Fisher and Paykel Healthcare Corporation (NZX:FPH)
A leading healthcare company Fisher & Paykel Healthcare Corporation is engaged in development and marketing of products and devices for use in respiratory and acute care, along with surgery, and the treatment of obstructive sleep apnea (OSA). Fisher and Paykel’s products are sold in more than 120 nations across the world.
Fisher & Paykel Healthcare has seen a rise in its sales and share price as a consequence of the COVID-19 pandemic.

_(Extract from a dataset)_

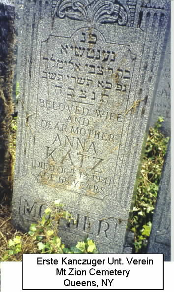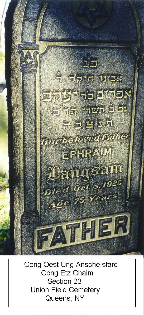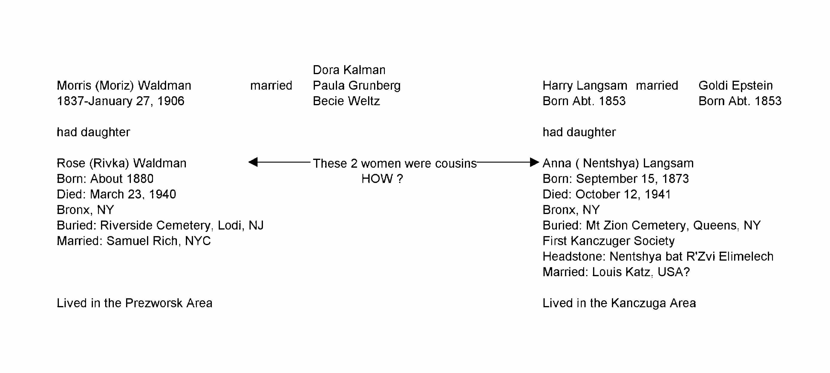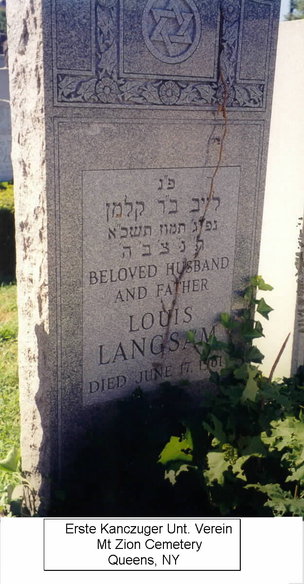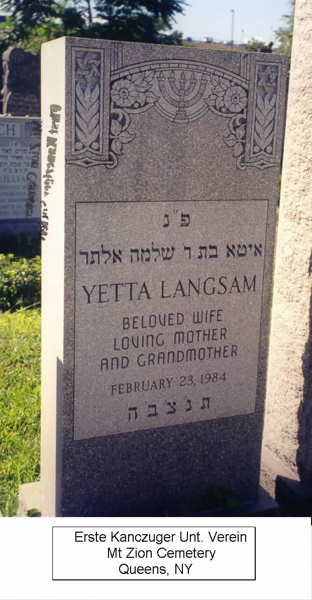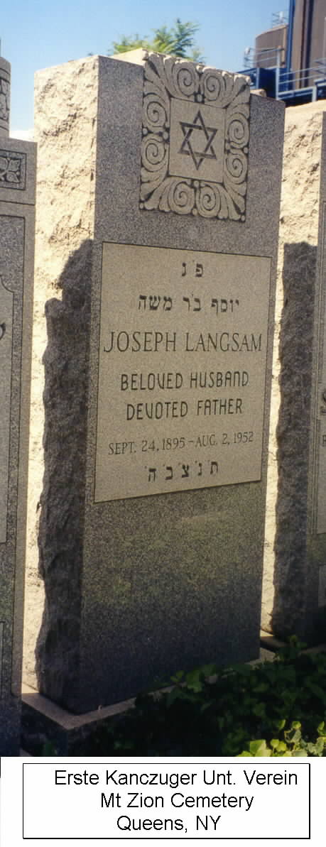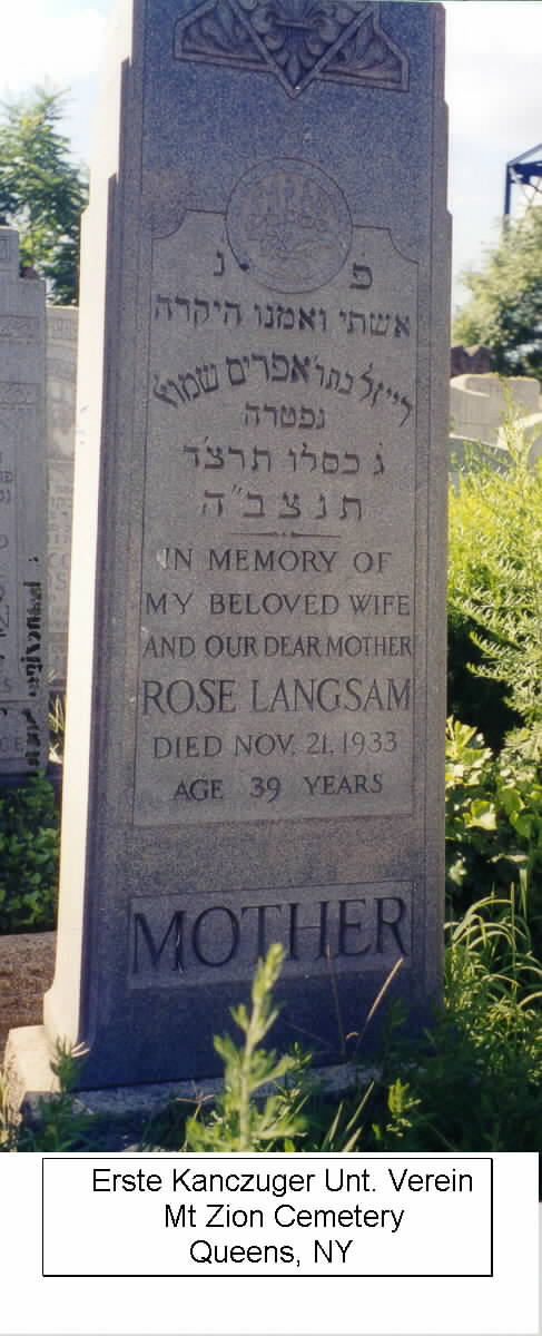 From: "Carolyn"To: Subject: Have A Langsam Inquiry Date: Tue, 1 Oct 2002 02:11:40 -0400 Hi Moishe, I am working on a tree for a fellow here on Long Island.(He has the tree, I have the computer) He has a Langsam family in the Bronx, and I couldn't find any information on your web page...So I'm hoping you have something in your database that will help tell me more about the family. I contacted Susan Wynne two years ago, and she wouldn't give me the time of day...forget any help or information. The attachment has all the basic info on it. I will be sending photo's of headstones to you hoping you can tell me more about the people. The photo's are marked. Thanks, Carolyn Putterman St. James, NY Cousins Rose & Anna.jpg ______________________________________________________ Date: Tue, 01 Oct 2002 23:53:20 -0400 To: "Carolyn" From: "moishe@langsam.com" Subject: Re: Have A Langsam Inquiry Dear Carol, I am fascinated by what you sent. I do not have a clear connection yet, but everything fits in with the family. We had MANY Hersh Mylech (Tzvi Elimelech) Langsam's in the family. Chunks of the tree came from both Kanczuga and Prezworsk.Can you provide siblings names or when these people came to the USA? Please stay in touch. I would be interested to see any other scans you might have. Thanks! Moishe ______________________________________________________ From: "Carolyn" To: Subject: RE: Have A Langsam Inquiry Date: Wed, 2 Oct 2002 02:02:39 -0400 Well Moishe, here it is...... Louis & Anna (Langsam) Katz both immigrated between 1888-1891. I haven't determined if they were married in Poland or here in NY. I found three Langsam ladies on the NYC marriage index, but none were Anna. (I do have copies of those marriage records) Their Children all born in NY Harry - 1894 - 1961 Irving - 1896-1962 Agusta (Gussie) 1898-1988 Charles - 1901-1979 Molly Esther - 1903-1996 Morris - 1911-living ========================================= Morris Waldman (his parents Joseph Waldman & Eva Berger) He immigrated in 1888. Some of his children came in with him, and others came in before 1891. From what I can determine, Rose Waldman and Anna (Langsam) Katz may have come in together. Further work to be done at NARA. The last one to arrive was Nathan in 1900 with a daughter Pauline. (Who does not show up on the Ellis Island DataBase, but I did find him on the Holland American Database at the NYCPL on microfiche). My main question about Nathan is, who was he living with in Poland if the rest of his family was here? Morris Waldman's headstone alludes to him being a Rabbi. He was not a Rabbi here, but a Kosher wine merchant on Attorney Street. Nathan born in Prezworsk, married a women from Krakow, a Reisner, who could also be a Rabbinical Family. I have always wondered if Nathan was in studies for Rabbinical work, and wasn't very good at it, and they threw him out….if that is possible. His Children that we know of….could have had more in Poland The range in DOB's kinda tells me he did have 2 wives and more kids. Louis - 1862-1910 Fanny - 1866-1950 Jenny - 1875-1938 Nathan - 1876-1944 Rose - 1880-1940 Molly - 1885-1944 Rose Waldman and Anna Langsam were VERY close. From family members who knew the ladies, "these two women were almost inseparable". They lived within 2 blocks of each other in the Bronx. Both families lived on the Lower East Side until the mid twenty's and moved "en mass" to the Bronx. I have six photos' I'll be sending to you. I don't read Hebrew hopefully you do. Maybe you can gleen some information from the stones. Morris Waldman's stone is hard to read in the photo's. The fellow who translated the stone was not good at it either. I sure would like a good translation some day. He is buried at Union Fields Cemetery, Sinavar Cong. Anche Sfaard - Section 54 - Row 1 Plot 5 I do thank you very much for getting back to me. Carolyn ______________________________________________________ From: "Carolyn" To: Subject: Anna (Langsam) Katz Date: Wed, 2 Oct 2002 01:55:06 -0400 Anna Katz.jpg Do you know anything about this fellow? Ephraim Langsam.jpg Do you know anything about this fellow? Joseph Langsam.jpg Look at the top of the headstone carefully..... Louis Katz.jpg Do you now anything about this lady? Rose Langsam.jpg Do you know anything about this lady? Yetta Langsam.jpg Do you know anything about this fellow? Louis Langsam.jpg Rose Rich.jpg ______________________________________________________ Date: Wed, 02 Oct 2002 22:26:59 -0400 To: "Carolyn" From: "moishe@langsam.com" Subject: Re: Rose Waldman Rich (Reich) The Hebrew: Mrs. Rivka, daughter of R' Moshe Passed away 13 Adar II 5700 ______________________________________________________ Date: Wed, 02 Oct 2002 22:28:09 -0400 To: "Carolyn" From: "moishe@langsam.com" Subject: Re: Louis Langsam At 02:00 AM 10/2/02 -0400, you wrote: Do you know anything about this fellow? Not offhand but I will research. Hebrew: Here lies Leib son of Kalman passed away on 13 Tamuz, 5761 (1961) ______________________________________________________ Date: Wed, 02 Oct 2002 22:29:07 -0400 To: "Carolyn" From: "moishe@langsam.com" Subject: Re: Yetta Langsam At 01:59 AM 10/2/02 -0400, you wrote: Do you know anything about this lady? Not yet. The Hebrew: Here lies Ita daughter of R' Shlomo Alter ______________________________________________________ Date: Wed, 02 Oct 2002 22:31:06 -0400 To: "Carolyn" From: "moishe@langsam.com" Subject: Re: Rose Langsam At 01:58 AM 10/2/02 -0400, you wrote: Do you now anything about this lady? Not yet. Hebrew: Here lies my wife and our mother Raizel daughter of R' Ephraim Shmuel passed away on 3 Kislev 5694 ______________________________________________________ Date: Wed, 02 Oct 2002 22:33:41 -0400 To: "Carolyn" From: "moishe@langsam.com" Subject: Re: Louis Katz At 01:58 AM 10/2/02 -0400, you wrote: Look at the top of the headstone carefully..... That is the symbol of the Kohain blessing the people. Katz is an abbreviation for "Kohain Tzedek" - righteous Kohain. Hebr

Also due to the virus, there is additional demand for its respiratory humidifiers and masks, while the drop in the New Zealand dollar suggests it is getting paid more for them from overseas consumers.
On 20 April 2020, FPH stock fell by 0.33 per cent to NZ$ 29.90, with a market capitalisation of approximately NZ$17.24 billion.
Spark New Zealand Limited (NZX:SPK)
New Zealand’s largest telecommunications and digital services company, Spark New Zealand Limited is a provider for communications, entertainment and IT services over its networks and the Cloud to New Zealanders and businesses. The strategy of the Company is focused on the customer experiences, mobility as well as data.
In the first half of the FY2020, the Company reported good revenue by the successful delivery of its strategy fueling EBITDAI as well as earnings growth. Positive revenue momentum is now evident across all the crucial products of SPK; profiting from improved momentum to market, customer experience along with product performance.
On 20 April 2020, SPK stock rose by 1.15 per cent to NZ$ 4.40, with a market capitalisation of approximately NZ$7.99 billion.